OPINION OF MR. ORR IN 1856.

"I say, although I deny that squatter sovereignty exists in the territories of Kansas and Nebraska by virtue of this bill, it is a matter practically of little consequence whether it does or not; and I think I shall be able to satisfy the gentleman of that. The gentleman knows that, in every slaveholding community of this Union, we have local legislation and local police regulations appertaining to that institution, without which the institution would not only be valueless but a curse to the community. Without them the slaveholder could not enforce his rights when invaded by others. And if you had no local legislation for the purpose of giving protection, the institution would be of no value. I can appeal to every gentleman upon this floor, who represents a slaveholding constituency, to attest the truth of what I have stated upon that point.

"Now, the legislative authority of a territory is invested with a discretion to vote for or against laws. We think they ought to pass laws in every territory where the territory is open to settlement, and slaveholders go there, to protect slave property. But if they decline to pass such laws what is the remedy? None, sir. If the majority of the people are opposed to the institution, and if they do not desire it engrafted upon the territory, all they have to do is simply to decline to pass laws in the territorial Legislature for its protec

tion, and then it is as well excluded as if the power was invested in the territorial Legislature, and exercised by them to prohibit it. Now I ask the gentleman what is the practical importance to result from the agitation and discussion of this question as to whether squatter sovereignty does or does not exist? Practically, it is a matter of little moment."

In June, 1857, Mr. Douglas, at the invitation of the members of the Grand Jury of the United States Court, and of other visitors at Springfield, delivered a speech at the State House upon the subject of Kansas and Utah affairs, and upon the Dred Scott decision. This speech was regarded at the time as the most thorough and complete vindication of the policy and principles of the Democratic party upon the topics embraced in it that he had ever made. The speech had a wide circulation, and was produced in most of the leading papers in the slaveholding states as the view of a high-minded, far-seeing, and national statesman. That speech has often been referred to by his enemies, even after the Lecompton difficulty had occurred, as a speech embracing the best and clearest views of constitutional law and of sound statesmanship. In that Springfield speech of June 12, 1857, a speech which has been held up as a model one, as containing nothing but sound Democratic doctrine, Mr. Douglas, in explaining what had been decided by the Supreme Court in the Dred Scott case, used the following clear and emphatic language. That the Supreme Court had decided

"2d. That the act of the 6th of March, 1820, commonly called the Missouri Compromise Act, was unconstitutional and void before it was repealed by the Nebraska Act, and consequently did not and could not have the legal effect of extinguishing a master's right to a slave in that territory.

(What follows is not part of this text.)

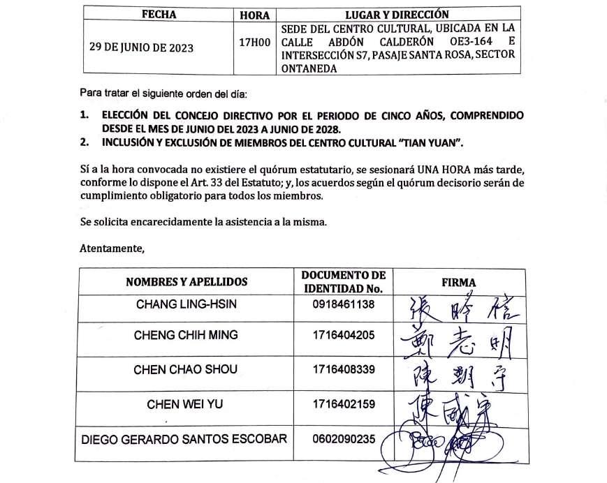 AUTOCONVOCATORIA A LA ASAMBLEA GENERAL EXTRAORDINARIA DEL CENTRO CULTURAL “TIAN YUAN”

"While the right continues in full force under the guarantee of the Constitution, and can not be divested or alienated by an act of Congress, it necessarily remains a barren and worthless right unless sustained, protected, and enforced by appropriate police regulations and local legislation presenting adequate remedies for its violation. These regulations and remedies must necessarily depend entirely upon the will and wishes of the people of the Territory, as they can only be prescribed by the local Legislature.

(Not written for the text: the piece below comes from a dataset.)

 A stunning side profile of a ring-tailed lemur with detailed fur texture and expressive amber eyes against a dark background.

"Hence the great principle of popular sovereignty and self-government is sustained and firmly established by the authority of this decision."

In his Bloomington speech, July 16th, 1858, he thus repeated the declaration of the same doctrine :

"I tell you, my friends, it is impossible, under our institutions, to force slavery on an unwilling people. If this principle of popular sovereignty inserted in the Nebraska Bill be fairly carried out, by letting the people decide

the question for themselves by a fair vote, at a fair election, and with honest returns, slavery will never exist one day or one hour in any Territory against the unfriendly legislation of an unfriendly people. I care not how the Dred Scott decision may have settled the abstract question so far as the practical result is concerned; for, to use the language of an eminent southern senator on this very question:

"I do not care a fig which way the decision shall be, for it is of no particular consequence; slavery can not exist a day or an hour in any territory or state unless it has affirmative laws sustaining and supporting it, furnishing police regulations and remedies, and an omission to furnish them would be as fatal as a constitutional prohibition. Without affirmative legislation in its favor, slavery could not exist any longer than a new-born infant could survive under the heat of the sun on a barren rock without protection. It would wilt and die for the want of support.'

"Hence, if the people of a territory want slavery, they will encourage it by passing affirmatory laws, and the necessary police regulations, patrol laws, and slave code; if they do not want it they will withhold that legislation, and by withholding it slavery is as dead as if it was prohibited by a constitutional prohibition-(cheers)—especially if, in addition, their legislation is unfriendly, as it would be if they were opposed to it. They could pass such local laws and police regulations as would drive slavery out in one day, or one hour, if they were opposed to it, and therefore, so far as the question of slavery in the territories is concerned, so far as the principle of popular sovereignty is concerned, in its practical operation, it matters, not how the Dred Scott case may be decided with reference to the territories. My own opinion on that law point is well known. It is shown by my votes and speeches in Congress. But, be it as it may, the question was an abstract question, inviting no practical results, and whether slavery shall exist or shall not exist in any state or territory will depend upon whether the people are for it or against it, and whichever way they shall decide it in any territory or in any state will be entirely satisfactory to me. (Cheers.)"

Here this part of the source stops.